Exercise aim: Transcribe all of the data exactly. Images stay out.

═══ Source data ═══

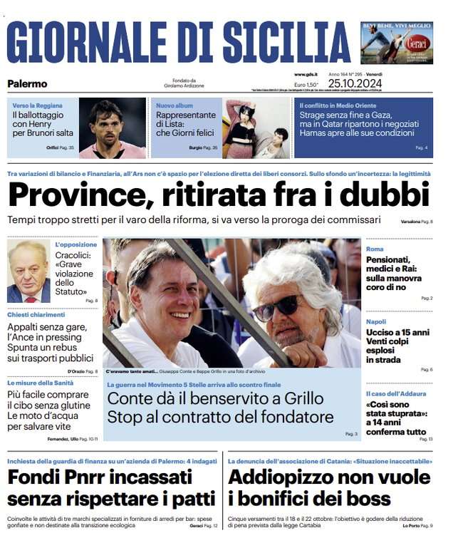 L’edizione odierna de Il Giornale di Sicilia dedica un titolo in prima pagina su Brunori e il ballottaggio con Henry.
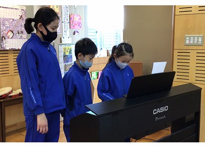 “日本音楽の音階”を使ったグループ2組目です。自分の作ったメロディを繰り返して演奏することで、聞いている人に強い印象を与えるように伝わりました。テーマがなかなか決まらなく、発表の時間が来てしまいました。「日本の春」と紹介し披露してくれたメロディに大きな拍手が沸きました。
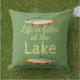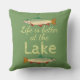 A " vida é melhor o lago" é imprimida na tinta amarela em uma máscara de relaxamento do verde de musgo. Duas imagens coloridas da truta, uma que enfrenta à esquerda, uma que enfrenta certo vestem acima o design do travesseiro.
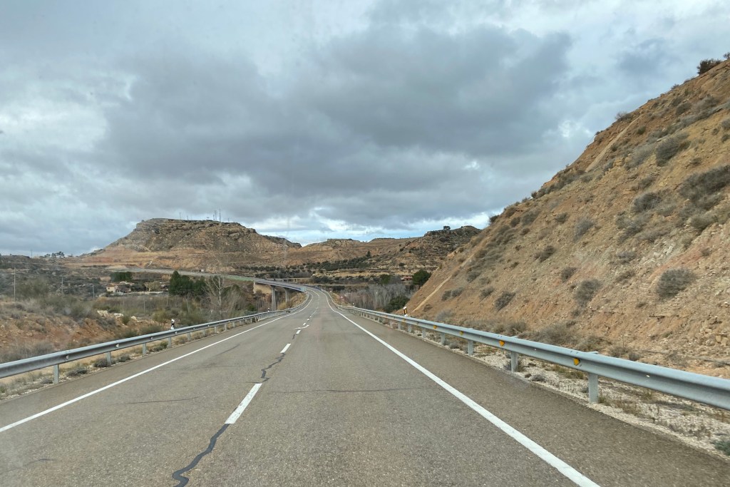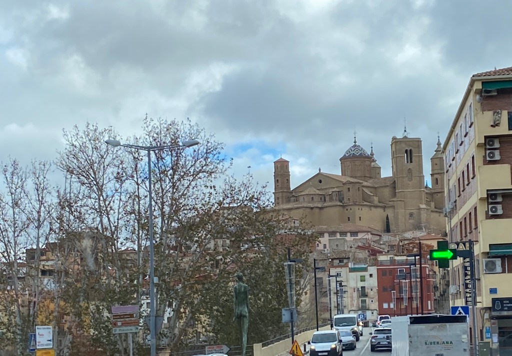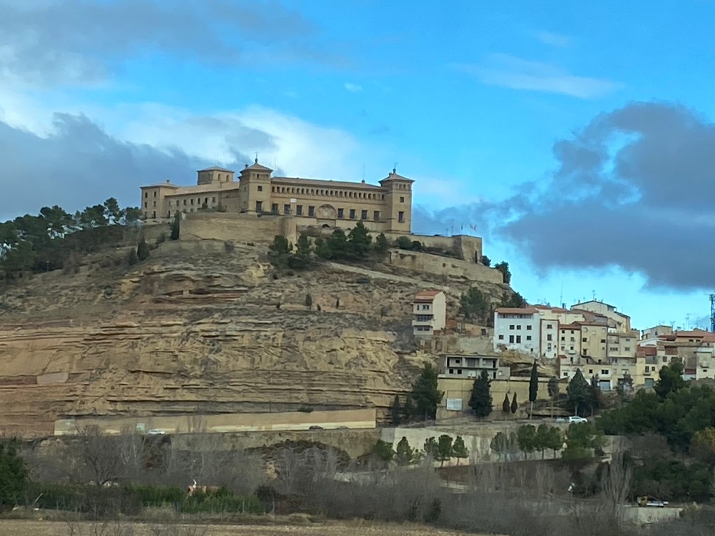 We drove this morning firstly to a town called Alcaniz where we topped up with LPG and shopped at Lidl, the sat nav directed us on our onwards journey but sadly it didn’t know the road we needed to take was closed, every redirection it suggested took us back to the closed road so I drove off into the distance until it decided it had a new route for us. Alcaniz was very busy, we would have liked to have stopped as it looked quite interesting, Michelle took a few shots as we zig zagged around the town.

═══

Task response:
 L’edizione odierna de Il Giornale di Sicilia dedica un titolo in prima pagina su Brunori e il ballottaggio con Henry.
 “日本音楽の音階”を使ったグループ2組目です。自分の作ったメロディを繰り返して演奏することで、聞いている人に強い印象を与えるように伝わりました。テーマがなかなか決まらなく、発表の時間が来てしまいました。「日本の春」と紹介し披露してくれたメロディに大きな拍手が沸きました。
 A " vida é melhor o lago" é imprimida na tinta amarela em uma máscara de relaxamento do verde de musgo. Duas imagens coloridas da truta, uma que enfrenta à esquerda, uma que enfrenta certo vestem acima o design do travesseiro.
 We drove this morning firstly to a town called Alcaniz where we topped up with LPG and shopped at Lidl, the sat nav directed us on our onwards journey but sadly it didn’t know the road we needed to take was closed, every redirection it suggested took us back to the closed road so I drove off into the distance until it decided it had a new route for us. Alcaniz was very busy, we would have liked to have stopped as it looked quite interesting, Michelle took a few shots as we zig zagged around the town.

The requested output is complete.